Peste!... On devenait sérieux, et c’était à qui aurait le plaisir, l’avantage, l’honneur... de serrer la main d’un garçon de tant de revenus.

C’est ainsi que M. de Valorsay avait offert à M. Wilkie de Gordon-Chalusse, de le présenter à la fête, annoncée chez le baron Trigault.

Ce ne devait être qu’une soirée d’hommes, une séance monstre de jeu, mais on savait le baron magnifique et pour irriter la curiosité, sans doute, il avait dit et le Figaro avait répété qu’il réservait une surprise à ses invités... Oh! mais une surprise!...

C’était le lendemain de l’arrestation de Mlle Marguerite que devait avoir lieu cette fête, et le soir, entre neuf et dix heures, M. de Valorsay et M. de Coralth, habillés et prêts l’un et l’autre, attendaient que M. Wilkie vînt les prendre, ainsi qu’il était convenu.

Ils étaient fort gais l’un et l’autre, les appréhensions du vicomte s’étaient dissipées, le marquis oubliait les douleurs de sa jambe cassée à la Marche.

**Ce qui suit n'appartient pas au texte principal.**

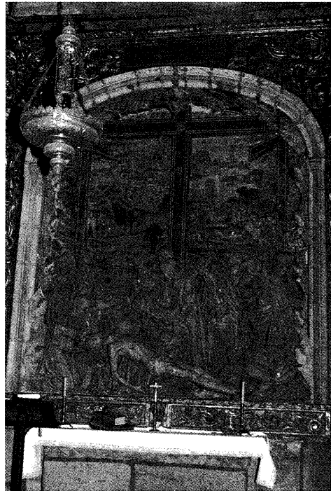
Fig. 5. La Lamentación sobre Cristo muerto . Capilla de la Piedad.

En la capilla de la Piedad, o de los Mondragón, presidida por otra Lamentación sobre Cristo muerto, concebida por Miguel Perrín 30 (fig. 5), la figura de la Magdalena está, si cabe, todavía más realzada 31 , aun cuando el modo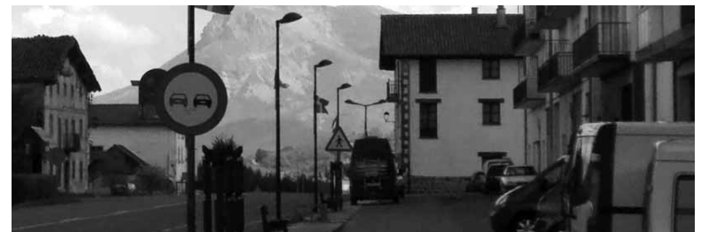
Udaz geroztik farola berriak dituzte Urdiainen.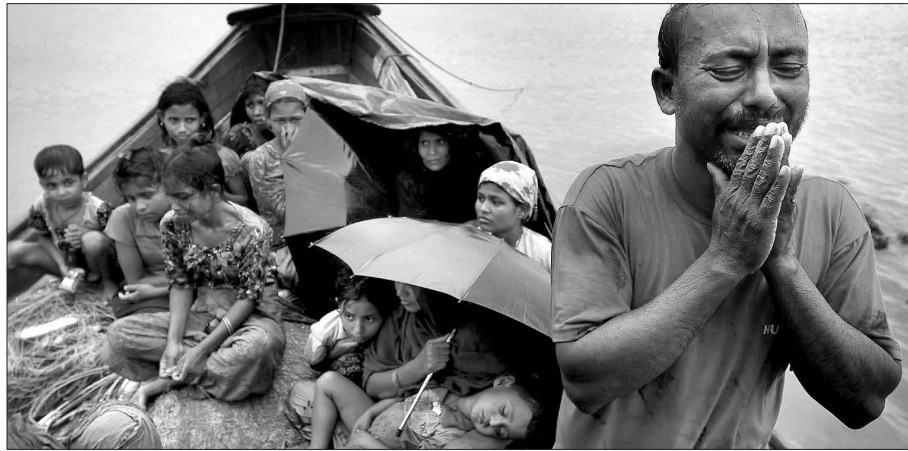
이슬람교도에 대한 탄압을 자행하는 불교국가 미얀마에서 피난온 이슬람교도 난민가족(사진 왼쪽). 미얀마의 빈 라덴으로 불리는 아신 위라투 스님.

마하 호사인 아지즈 교수에 따르면, 티베트 불교 지도자 달라이 라마는 "미얀마와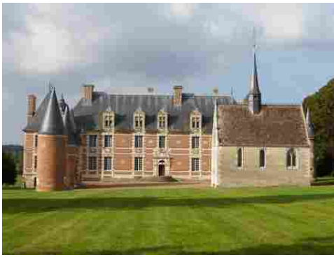
La façade sud du château et la chapelle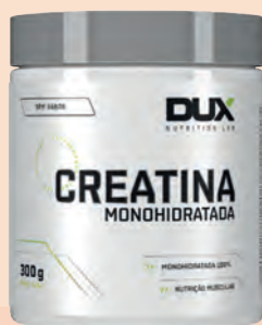
Creatina Monohidratada Dux Nutrition 300g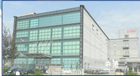
今國光學 台灣-台中(新廠)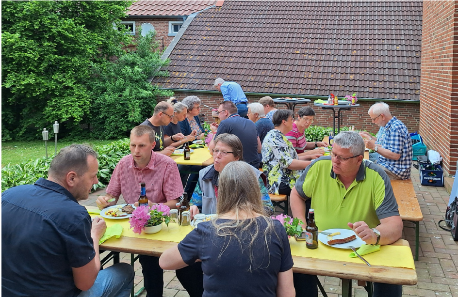
17. Mai 2024 – Treffen des Kirchenvorstands Amdorf-Neuburg und Detern

—Marguerite ne sortira de prison que pour m’épouser, disait M. de Valorsay triomphant.

Ou encore:

—Quel merveilleux instrument que ce Wilkie? Sur un mot en l’air, il a donné congé à tous ses domestiques, l’hôtel de Chalusse va être désert, Mme Léon et Vantrasson pourront opérer à loisir.

Dix heures sonnèrent, M. Wilkie parut.

—Venez-vous, excellents bons, dit-il, mon huit-ressorts est en bas.